法案には、21歳未満の銃購入者に対する身元調査の厳格化や、銃の違法購入の取り締まり強化などが含まれる。

共和党の10人が賛成しているため、法案は成立に必要な数の賛成票が得られる見通し。

ジョー・バイデン大統領はこの法案について、自分が求める規制強化にはほど遠いものの、「正しい方向への一歩」だと述べた。

米議会ではこれまで、銃規制強化の取り組み実現に必要な賛成票が得られたことはない。

「私たちの責務」

アメリカでは、多数の死傷者を出した銃乱射事件が2件続いたことを受け、各地で11日、数万人が抗議集会を開き、銃規制の強化を訴えた

上院の超党派グループは12日、「私たちは今日、アメリカの子どもたちを守り、学校を安全に保ち、国中の暴力の脅威を減らすため、常識的な超党派の法案を発表する」と、声明で説明した。

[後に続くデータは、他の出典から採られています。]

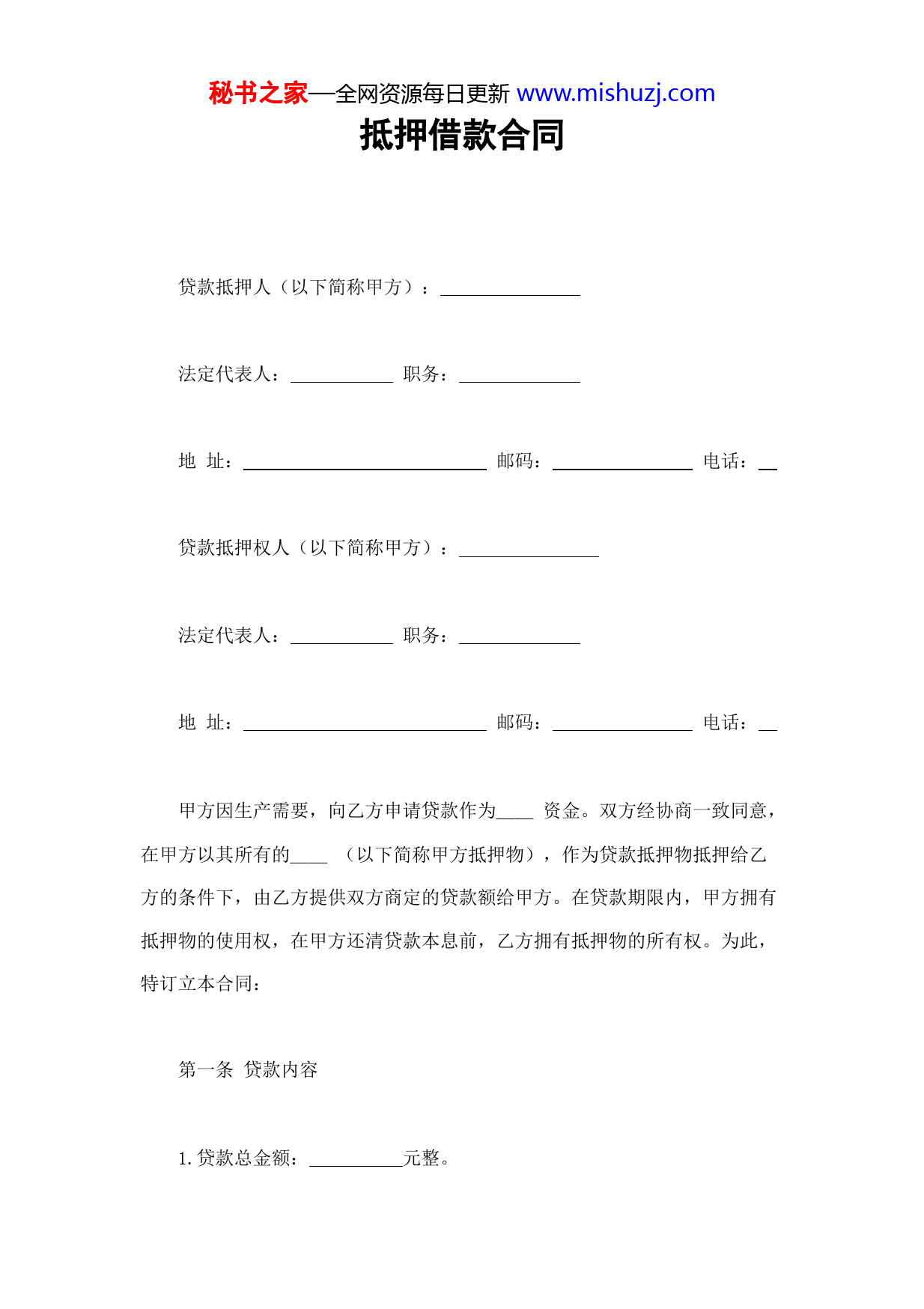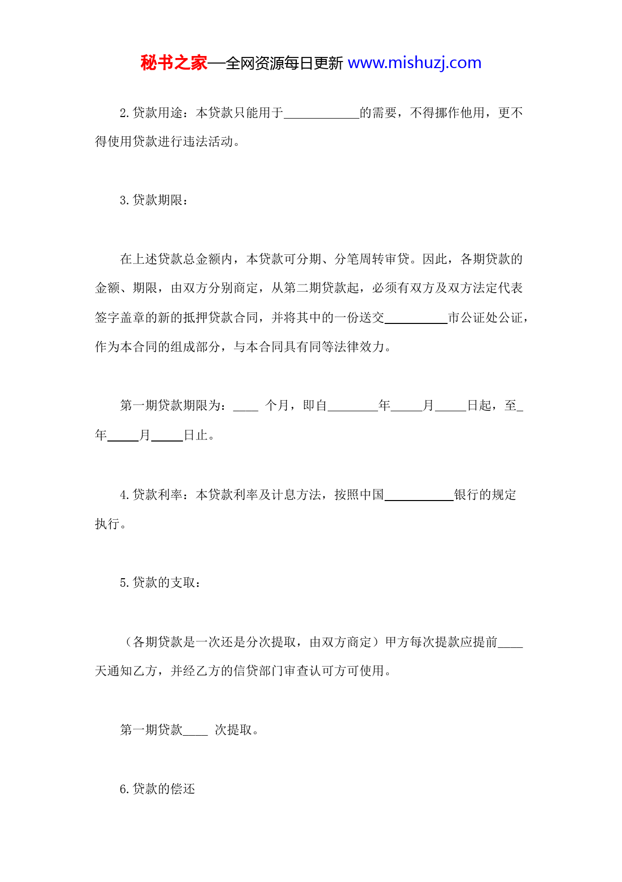 秘书之家—全网资源每日更新www.mishuzj.com抵押借款合同贷款抵押人(以下简称甲方):法定代表人:职务:地址:邮码:电话:贷款抵押权人(以下简称甲方):法定代表人:职务:地址:邮码:电话:甲方因生产需要,向乙方申请贷款作为____资金。双方经协商一致同意,在甲方以其所有的____(以下简称甲方抵押物),作为贷款抵押物抵押给乙方的条件下,由乙方提供双方商定的贷款额给甲方。在贷款期限内,甲方拥有抵押物的使用权,在甲方还清贷款本息前,乙方拥有抵押物的所有权。为此,特订立本合同:第一条贷款内容1.贷款总金额:元整。秘书之家—全网资源每日更新www.mishuzj.com2.贷款用途:本贷款只能用于的需要,不得挪作他用,更不得使用贷款进行违法活动。3.贷款期限:在上述贷款总金额内,本贷款可分期、分笔周转审贷。因此,各期贷款的金额、期限,由双方分别商定,从第二期贷款起,必须有双方及双方法定代表签字盖章的新的抵押贷款合同,并将其中的一份送交市公证处公证,作为本合同的组成部分,与本合同具有同等法律效力。第一期贷款期限为:____个月,即自年月日起,至年月日止。4.贷款利率:本贷款利率及计息方法,按照中国银行的规定执行。5.贷款的支取:(各期贷款是一次还是分次提取,由双方商定)甲方每次提款应提前____天通知乙方,并经乙方的信贷部门审查认可方可使用。第一期贷款____次提取。6.贷款的偿还秘书之家—全网资源每日更新www.mishuzj.com甲方保证在各期合同规定的贷款期限内按期主动还本付息。甲方归还本贷款的资金来源为本公司生产、经营及其他收入。如甲方要求用其他来源归还贷款,须经乙方同意。第一期贷款最后还款日为年月日。7.本合同在乙方同意甲方延迟还款的情况下继续有效。第二条抵押物事项1.抵押物名称:________________________2.制造厂家:________________________3.型号:________________________4.件数:________________________5.单件:________________________6.置放地点:________________________7.抵押物发票总金额:________________________秘书之家—全网资源每日更新www.mishuzj.com8.抵押期限:____年(或为:自本贷款合同生效之日起至甲方还清乙方与本合同有关的全部贷款本息为止)。第三条甲乙双方的义务(一)乙方的义务:1.对甲方交来抵押物契据证件要妥善保管,不得遗失、损毁。2.在甲方到期还清贷款后,将抵押物的全部契据、证件完整交还甲方。(二)甲方的义务:1.应严格按照合同规定时间主动还本付息。2.保证在抵押期间抵押物不受甲方破产、资产分割、转让的影响,如乙方发现甲方抵押物有违反本条款的情节,乙方通知甲方当即改正或可终止本合同贷款,并追偿已贷出的全部贷款本息。3.甲方应合理使用作为抵押物的,并负责抵押物的经营、维修、保养及有关税赋等费用。4.甲方因故意或过失造成抵押物毁损,应在15天内向乙方提供新的抵押物,若甲方无法提供新的抵押物或担保时,乙方有权相应减少贷款额度,或解除本合同,追偿已贷出的贷款本息。秘书之家—全网资源每日更新www.mishuzj.com5.甲方未经乙方同意不得将抵押物出租、出售、转让、再抵押或以其他方式处分。6.抵押物由甲方向保险公司投保,以乙方为保险受益人,并将保险单交乙方保管,保险费由甲方承担。投保的抵押物由于不可抗力遭受损失,乙方有权从保险公司的赔偿金中收回抵押人应当偿还的贷款本息。第四条违约责任1.乙方如因本身责任不按合同规定支付贷款,给甲方造成经济上的损失,乙方应负责违约责任。2.甲方如未按贷款合同规定使用贷款,一经发现,乙方有权提前收回部分或全部贷款,并对挪用贷款部分在原贷款利率的基础上加收____%的罚息。3.甲方如不按期付息还本,或有其他违约行为,乙方有权停止贷款,并要求甲方提前归还已贷的本息。乙方有权从甲方在任何银行开立的帐户内扣收,并从过期之日起,对逾期贷款部分按借款利率加收____%的利息。4.甲方如不按期付息还本,乙方亦可向有管辖权的人民法院申请拍卖抵押物,用于抵偿贷款本息,若有不足抵偿部分,乙方仍有权向甲方追偿。直至甲方还清乙方全部贷款本息为止。第五条其他规定秘书之家—全网资源每日更新www.mishuzj.com1.发生下列情况之一时,乙方有权停止发放贷款并立即或即期收回已经发放的贷款。(1)甲方向乙方提供情况、报表和各项资料不真实。(2)甲方与第三者发生诉讼,无力向乙方偿付贷款本息。(3)甲方的资产总额不足抵偿其负债总额。(4)甲方的保证人违反或失去合同书中规定的条件。2.乙方有权检查、监督贷款的使用情况,甲方应向乙方提供有关报表和资料。3.甲方或乙方任何一方要求变更合同或本合同中的某一项条款,须在事前以书面形式通知对方,在双方达成协议前,本合同中的各项条款仍然有效。4.甲方提供的借款申请书,借款凭证,用款和还款计划及与合同有关的其他书面材料,均作为本合同的组成部分,与本合同具有同等法律效力。第六条有关本合同的费用承担:有关抵押的估计、登记、证明等一切费用均由甲方负责。秘书之家—全网资源每日更新www.mishuzj.com第七条本合同生效条件:本合同系经市公证处公证并依法赋予强制执行效力的债权文书,甲、乙双方如任何一方不履行,对方当事人可根据《民诉法》第一百六十八条规定,直接向有管辖权的人民法院申请执行。本合同自公证书签发之日起生效,公证费由甲方承担

「家族がおびえている。団結し、地域社会の安全と安心感の回復のために何かをすることが、私たちの責務だ」と、議員団は述べた。

法案をまとめた上院議員らは、メンタルヘルスケアや学校の安全強化の資金を増やすよう要求。銃器購入者の全国身元調査データベースに、家庭内暴力の前科や接近禁止命令の記録も含めることも求めている。

大統領と両党の反応

バイデン氏はこの法案について、議会での速やかな通過を議員らに強く求めた。一方で、自分が望む規制のレベルには達していないことも明確にした。

バイデン氏はこれまで、殺傷力の高いアサルトライフルの禁止など、はるかに大規模な改革を求めてきた。アサルトライフルは、テキサス州ユヴァルディニューヨーク州バッファローの銃乱射事件でも使われた。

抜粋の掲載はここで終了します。